Gone!
Fire season’s hot breath scorched on into November. After five unnerving months I was still alive, but not unscathed. Raw, edgy and worn out by power outages, wind alerts and small, dangerous fires. Then the weather demons did a turnabout and a final fire outage-alert yielded overnight to a dizzying snowstorm. Within a week of the big snow, as things began to new-normalize, I answered a breathless call from one of my sisters. Our youngest niece was gone, dead by her own hand. I felt myself tip and fall, like Qian, into bed. Fire is dangerous, but alive. This death had snuffed out my ordinary joy in living.

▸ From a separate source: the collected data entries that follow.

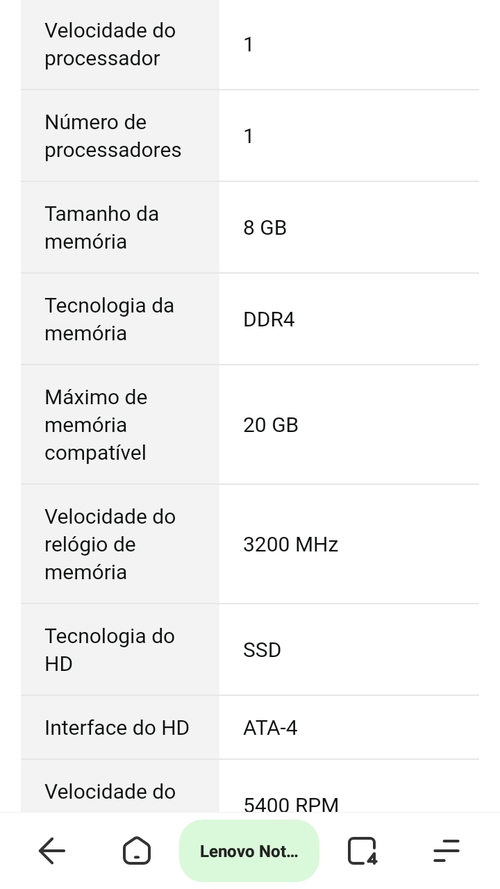 Olha a memória ram, tem capacidade máxima de 20 GBPaguei isso no meu IdeaPad 3 com rtx 3050ti e tela 120hz.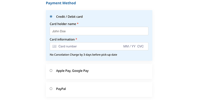 Go to the rental brand page and proceed with the application. Choose plans, options, dates, Pick-up & Return methods, etc.
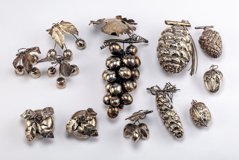 di diversa foggia e misura, tra i quali un grande grappolo d’uva, delle noci e delle ciliegie.
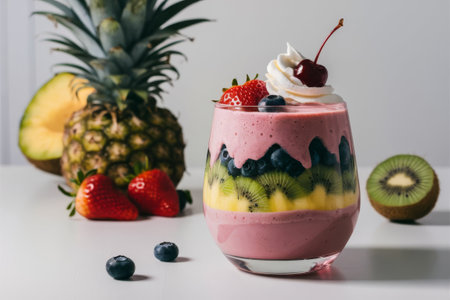 Closeup strwberry blueberry kiwi cherry smoothie glass with fresh fruits in background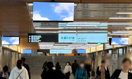 - 名鉄栄町駅・地下鉄栄駅直結の「森の地下街」内に設置されたサイネージで、動画による力強い表現力と優れた視認性、外付けスピーカーによる鮮明な音の効果と改札前を中心に設置した24面のパネルが連続することにより、高い広告効果を生み出します。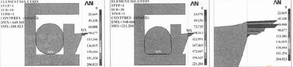 有限元模型中,橡膠單元采用超彈單元HY-PER74,缸筒、活塞桿和滑環(huán)單元采用實體單元PLANE42,用面面接觸單元TARGE169和CONTAIl72模擬了活塞桿與滑環(huán)、滑環(huán)與橡膠彈性體、橡膠彈性體和缸筒之間的接觸。模型中由剛體構成的活塞桿和缸筒的剛度是橡膠的幾萬倍,不考慮其變形,即視為O形密封圈變形時的約束邊界,為了提高計算過程的收斂性,計算中活塞桿和滑環(huán)采用的是剛柔接觸,其它采用的是柔柔接觸,滑環(huán)底部與缸筒之間的接觸對密封性能影響不大,此處并沒建立接觸,而是在滑環(huán)底部加了一約束,本模型中共建立4個接觸對。缸筒模型中網(wǎng)格劃分較橡膠圈和滑環(huán)稀疏,模型中O形圈共有7 942個節(jié)點,2 592個單元;滑環(huán)共有1 343個節(jié)點,1 259個單元;缸筒共有280個節(jié)點,220個單元。約束施加是把活塞桿的X方向施加一個位移,視為壓縮量,把缸筒完全約束,在此過程中缸筒沒發(fā)生任何變形,相當于剛體。求解時按照兩個載荷步進行求解,由缸筒施加的作為壓縮量的X方向位移定義為第一個載荷步,施加在未與密封槽接觸一側的用來模擬密封圈受到的外加液體壓力定義為第二個載荷步。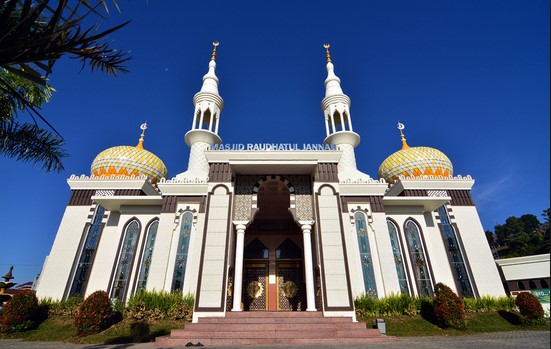 Selanjutnya, yaitu Masjid Raudhatul Jannah (MRJ). Berada tidak jauh dari Masjid An-Namira, surau ini juga tidak kalah megah.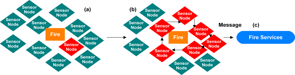 One example system, Agilla [21–23], is a framework used to monitor sensor systems connected to a sensor network. Agilla uses protocols with specific conditions that, when met, will perform a specific action or actions. For example, the actions and conditions may be to activate other protocols when a sensor reports a temperature above a specific threshold. The newly activated protocols may then coordinate other sensors to collect data, invoke algorithms for further analysis, or even activate more protocols to perform a specific action or actions. Figure 7(a) shows an Agilla network with a fire detection protocol on one sensor node. The fire detection protocol has the task of detecting a temperature above a specific threshold. Once the temperature threshold is reached, the protocol will activate other fire detection protocols on more sensors nodes, Figure 7(b). As the protocols activate on the other sensor nodes, the protocols will determine the perimeter of the fire and then send the perimeter data to a new protocol, Figure 7(c), which then activates fire services [21–23]. Another example system, Geographical Information System Framework [24,25], leverages several different frameworks in the overall management of sensor systems and algorithms on a sensor network as depicted in Figure 8. The framework includes knowledge models, such as ontologies, for describing sensors, algorithms, and tasks. Service-oriented architectures are used to handle communications among all systems, and geographic information system placement logic is used for tasking. The different frameworks operating together allow end users or autonomous systems to query the framework for available sensor systems and then task the sensor systems to retrieve data or to perform specific actions based on sensor data [24,25].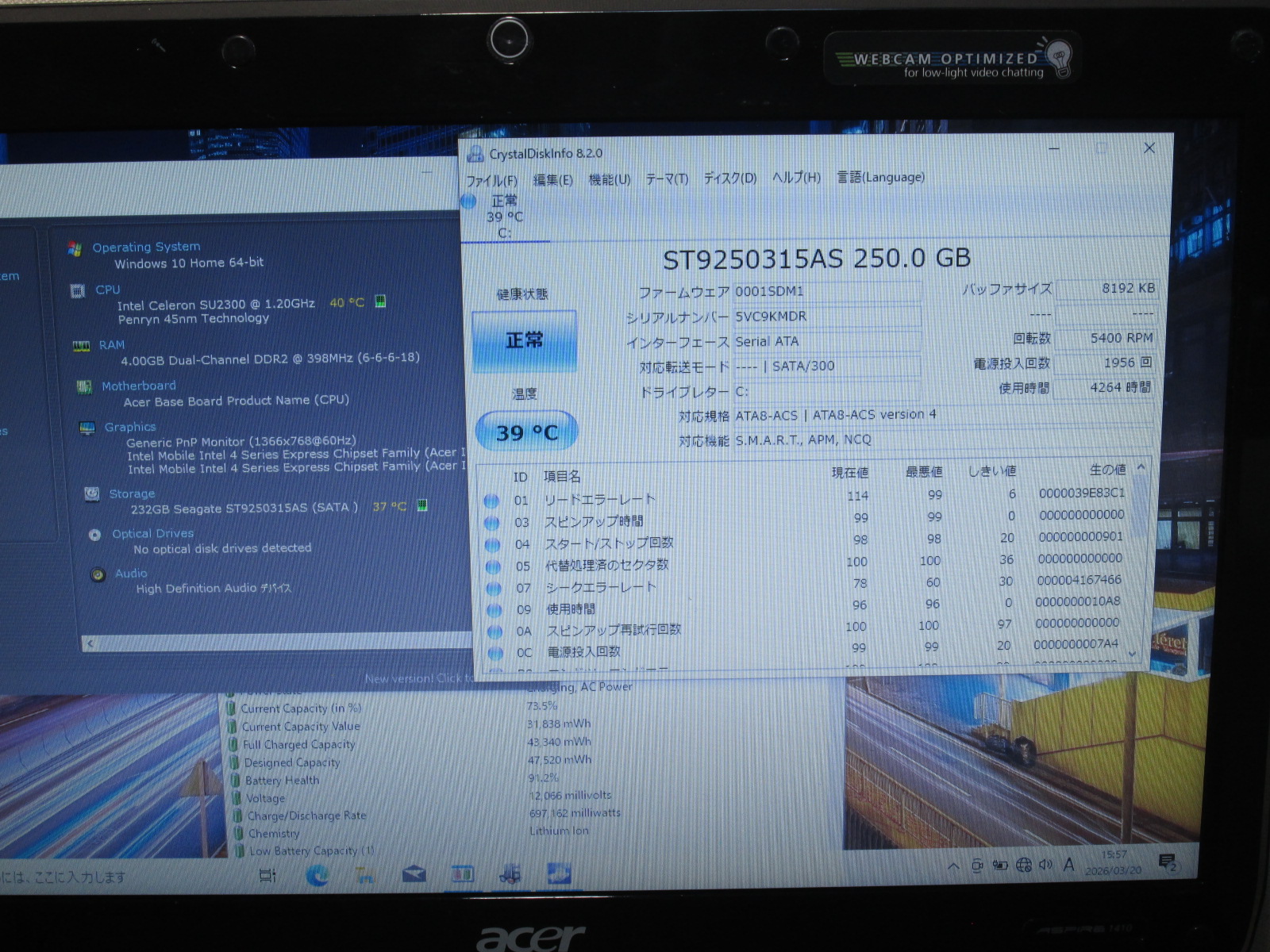 | 型番 | Acer Aspire 1410-Bb22 |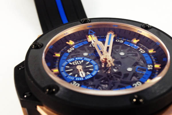 這次介紹的這款是烏克蘭,採用的是HUBLOT自己調配的King Gold合金,這是黃金與白金的結合。錶圈則是以陶瓷打造。貫穿面盤與錶帶的藍色,是烏克蘭國旗的藍色,以此傳達這款腕錶的象徵意義。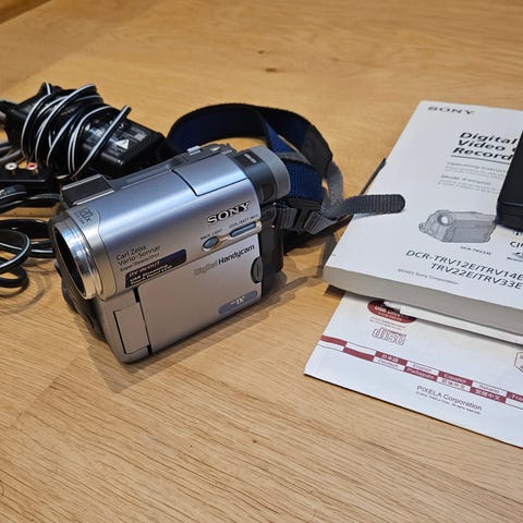 Sony videokamera musta. Käsiotteella varustettu malli, jossa sivulla Sony-logolla varustettu rannelenkki. Kamerassa on objektiivi kiinteällä zoom-rengasrakenteella ja takana etsin. Sopii videoiden tallentamiseen esimerkiksi arjesta, tapahtumista ja matkoilta. Laturi ei tule mukana.

‘What is this?’, I asked the I Ching, Oracle of Change. ‘Bound!’ the Oracle responded. That cautious hexagram’s moving line (me) had no field of activity. Exactly, I thought. No volition, no spark. I cooked tasteless meals, and woke unrested. Even small tasks were impossible. I was at once anxious, restless and paralyzed. One night, as I lay stiffly in my bed feeling into that numinous state between waking and sleeping, a ghost man came through the wall, completely attuned to his own misery and loneliness. Breathing with effort, he got into bed beside me. Not young, not old, he was dressed for a funeral and lay down fully clothed on top of the covers. He did not look at me, nor was he particularly frightening. I am not even sure he knew I was there. I’m attracting ghosts, I said out loud. Maybe I’m becoming a ghost.
A Dream
The next night I dreamed:
Another man appears carrying a drum and a small wooden ‘puzzle box’. He is ritually dressed and identified as an ‘ancestor’. Attached to the box is a small curved dagger, and inside is an amulet, finely engraved with the image of a woman wearing that wonderful dress. The ancestor uses this curved dagger to sever the strange man’s attachment to my dress. ‘It must be returned!’, he shouts. And in this dream moment I feel relief because I know his words have made it so.
Breath fills my lungs again.
Breathing in the Dark
Memories and pleasant sensations flooded me. Colors returned and dazzled me – shimmering coral, the exact blue of a Bluebird’s wing, the delirious green of new grass. My beloved grandmother was there, sitting quietly, radiating her unconditional love. My brother long dead, so full of intelligence and wit gazed at me with affection. The stunning opalescent light of my birth city, San Francisco, enfolded me in the salty shimmer of the bay. Singing with friends, comforted by a herd of deer, running in moss; moments of deep play, swimming in warm ocean water. Smelled seaweed, horses, Plumeria; touched the honey colored pine walls of a favorite cabin. I fell back into endless summer afternoons, watched shadows, waves, insects, fish. All my long-dead cats bathed and purred beside me. I felt the depth of friendships with people I did not see often enough – we were still connected. Our separation was tenderly held here. All this was alive in the dark below.
Qian Stayed
What about the Qian who stayed?
The one who is lying unconscious in her childhood bed. Did she fall into her own dark center to save herself? Was Qian returned to herself the way my ancestral dress was returned to me? This Qian who stayed drew me close in a sisterly embrace. I had thought of her as confined for years in a grey room between life and death. I saw now that she had sunk down and been protected and nourished by her ancestors. She had sheltered that hidden vastness that dwells at the center of every life. Held there, she allowed herself to return, lifting the father’s inadvertent curse.
Qian and I could wear our dream dresses, we had returned.